Some months ago, I want to say at least six or eight I received the first email from him… I read the person’s profile and saw the photo and immediately passed judgment, “he’s a cross dresser, I have no interest…” and I sent a reply stating such. Politely he responded that he was not only interested in that but also had many corresponding interests as me. I ignorantly poo pooed the email and went about my life. Then approximately two months ago the same individual emailed me again and expressed interest, this time asking me to please give him a chance, that he thought we would click well and our interests lined up on many points. I reluctantly said that I would give him a chance. We spoke on the phone and then very quickly decided to meet in person for dinner. He was right, we did have a lot in common and I felt like a complete ass! Think of all the people I had turned down over the years because of this, think of all the missed opportunities…

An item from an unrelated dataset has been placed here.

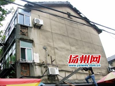 昨天上午,在社区工作人员的陪同下,记者来到了梅岭新村。记者看到,靠近史可法西路房子屋檐确实很危险,有木头掉落。

So, over the past two months now we have continued to see one another and to have play sessions. The more I grew to know him the more curious I became about the use of cross dressing. He and I talked about it at length and the more we talked the more aroused I became at the possibilities of turning him into “my gurl” … “my slutty gurl.” The ideas of playing dress up with her, reversing roles and fucking her like a slutty gurl, and even having men come and fuck her completely gave me an entire new sense of domination and control. Then he showed me photos of him as a her and it sealed the deal, she was passable, she looked like a woman and I loved it!

This past weekend was our first endeavor into this sort of play. The first step for me was to find men, men that wanted to have sex with a t-girl or cross dresser. I searched high and low and found lots of guys willing to come over and play with us. She and I went out and found her sexy things to wear, then got her all dressed as a woman and I even did her make-up. A few minutes before 11pm the first man arrived and three more trickled in shortly after…it was on! I instructed her to  suck cocks and be fucked and have her face doused in cum… I even got fucked during all the action too, which was amazing!! The entire experience was such a turn on, I never would have imagined it would have been so great. But it wasn’t over, when all the men were gone and it was him and I again we enjoyed each other’s company, came down from the whole experience, and had great sex. I felt almost like he had something to prove, I felt as it he was showing me “you see I am a man too”, and that was extraordinarily hot. I kept saying to him things like, “Are you trying to fuck me better than that other guy tonight” and “You like showing me you can be a real man,” which drove him to perform better and strive to please me more. Finally after I came I allowed him to cum from me jerking him off, because he had been such a good boy… or should I say gurl all night!

I’m so excited about the wonderful new kink I’ve found and the sub I have to share it with. I have no clue where things are headed with him/her, all I know is I’m enjoying it and I can’t wait to experience more. I have no clue how all of this fits into my thoughts about female supremacy but I think it’s time I just do what feels right, what makes me happy. I’m a bit sad that it took me so long to open my eyes to the possibilities of this kink, I guess I will just have to try extra hard to make up for lost time!